Plot the graphs of the two equations and find the point of intersection, which is the solution. The intersection point is at `(1, -2)`.

Therefore, the solution is \(x = 1\) and \(y = -2\).

**Example `4`. Solve the system of equations using the cross-multiplication method:**

**\(2x + 3y = 11\)**

**\(4x - 2y = 10\)**

**Solution:**

From the first equation, we can isolate \(x\):

\(x = \frac{11 - 3y}{2}\)

From the second equation, we can isolate \(x\) as well:

\(x = \frac{10 + 2y}{4}\)

Equating these expressions, we can solve for \(y\) and then find \(x\).

After solving, we get \(x = \frac{13}{4}\) and \(y = \frac{3}{2}\).

Therefore, the solution is \(x = \frac{13}{4}\) and \(y = \frac{3}{2}\).

**Q`1`. Solve the system of equations:**

**\(x - y = 3\)**

**\(7x - y = -3\)**

- \(x = 1\), \(y = 4\)
- \(x = -1\), \(y = -4\)
- \(x = 2\), \(y = -3\)
- \(x = -2\), \(y = -3\)

**Answer: **b

**Q`2`. Solve the system of equations:**

**\(3x - 2y = 9\)**

**\(5x + 4y = 26\)**

- \(x = 4\), \(y = \frac{3}{2}\)
- \(x = -5\), \(y = \frac{3}{2}\)
- \(x = \frac{5}{2}\), \(y = -4\)
- \(x = \frac{3}{2}\), \(y = 2\)

**Answer:** a

**Q`3`. Solve the system of equations:**

**\(x + y = 8\)**

**\(3x - 2y = 9\)**

- \(x = 3\), \(y = 5\)
- \(x = 4\), \(y = 4\)
- \(x = 5\), \(y = 3\)
- \(x = 6\), \(y = 2\)

**Answer:** c

**Q`4`. Solve the system of equations:**

**\(2x + y = 10\)**

**\(4x - 3y = 10\)**

- \(x = 2\), \(y = 4\)
- \(x = 3\), \(y = 3\)
- \(x = 4\), \(y = 2\)
- \(x = 5\), \(y = 1\)

**Answer:** c

**Q`5`. Solve the system of equations:**

**\(3x - y = 5\)**

**\(2x + 2y = 14\)**

- \(x = 2\), \(y = 1\)
- \(x = 3\), \(y = 4\)
- \(x = 4\), \(y = 3\)
- \(x = 5\), \(y = 4\)

**Answer:** b

**Q`6`. Solve the system of equations:**

**\(x - 3y + z = 8\)**

**\(2x - 5y - 3z = 2\)**

**\(x + 4y + z = 2\)**

- \(x = \frac{12}{5}, \quad y = -1, \quad z = \frac{13}{5} \)
- \(x = \frac{2}{5}, \quad y = 1, \quad z = -\frac{3}{5} \)
- \(x = 4\), \(y = 3\), \(z = 5\)
- \(x = 5\), \(y = 4\), \(z = 3\)

**Answer:** a

**Q`1`. What are systems of equations, and why are they important?**

**Answer:** A system of equations are set of two or more equations with the same variables. They are important because they represent real-world situations where multiple variables interact, such as in engineering, economics, and physics. Solving systems of equations helps in finding the values of variables that satisfy all equations simultaneously, providing solutions to complex problems.

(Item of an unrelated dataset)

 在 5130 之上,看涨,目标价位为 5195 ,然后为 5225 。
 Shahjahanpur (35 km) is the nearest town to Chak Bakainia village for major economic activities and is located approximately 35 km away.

**Q`2`. What are the common methods for solving systems of equations?**

**Answer:** The common methods for solving systems of equations include:

- Substitution Method
- Elimination Method
- Graphical Method
- Matrix Method
- Cross-Multiplication Method

**Q`3`. How do I know which method to use when solving a system of equations?**

**Answer:** The choice of method depends on the specific equations and variables involved. Here are some guidelines:

- Use the Substitution Method when one equation can be easily solved for one variable.
- Use the Elimination Method when adding or subtracting equations will eliminate one of the variables.
- Use the Graphical Method when dealing with simple equations and when visualizing the solutions is helpful.
- Use the Matrix Method when dealing with larger systems of equations, like three or more variables.
- Use the Cross-Multiplication Method when solving systems with linear equations and multiple variables.

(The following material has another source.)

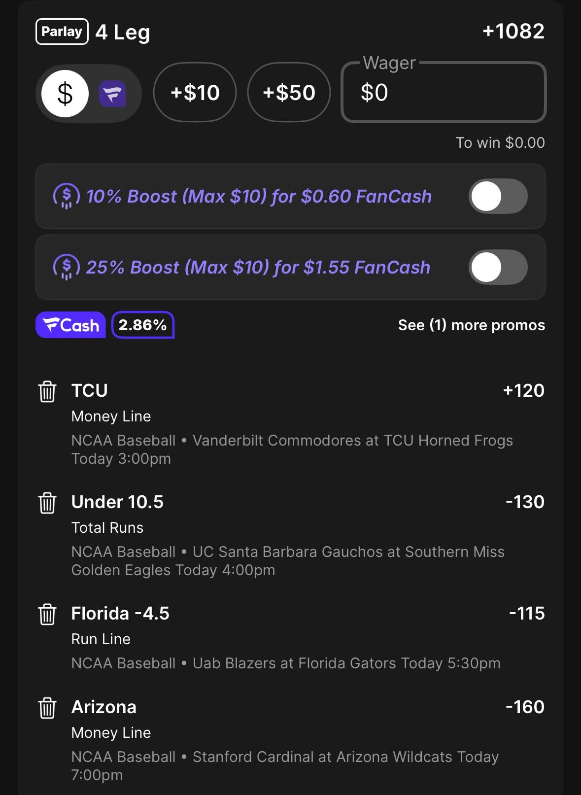 Lastly, we target an Arizona team that's underpriced with their ace Owen Kramkowski on the hill. Don't let the 5.48 ERA fool you — Kramkowski is the bona fide ace of a deep Wildcats staff and should be sharp against a Stanford lineup that's projected to be below average this season despite Rintaro Sasaki looming in the middle of it.

**Q`4`. Can systems of equations have more than one solution?**

**Answer:** Yes, systems of equations can have:

**A unique solution:**One set of values for the variables that satisfy all equations.**No solution:**When the equations represent parallel lines that never intersect.**Infinitely many solutions:**When the equations represent the same line, resulting in infinitely many points of intersection.

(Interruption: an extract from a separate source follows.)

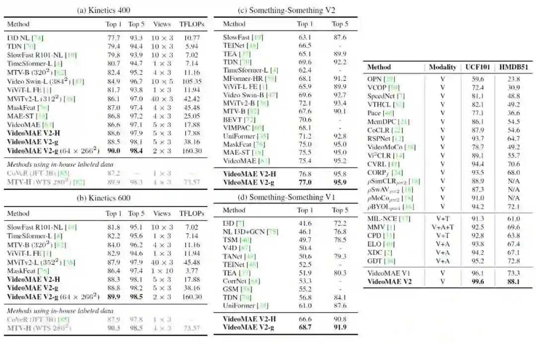 VideoMAE V2 在 Kinetics-400/600, Something-Something V1/V2, UCF101, HMDB51 等数据集上测试动作识别性能。

**Q`5`. What are some real-world applications of solving systems of equations?**

**Answer:** Solving systems of equations is widely used in various fields, where many parameters are taken into account simultaneously. For example:

**Engineering:**Designing structures, circuits, and systems.**Economics:**Analyzing supply and demand, cost and revenue functions.**Physics:**Solving problems involving motion, forces, and energy.**Biology:**Modeling population growth, and biochemical reactions.**Chemistry:**Balancing chemical equations, and calculating reaction rates.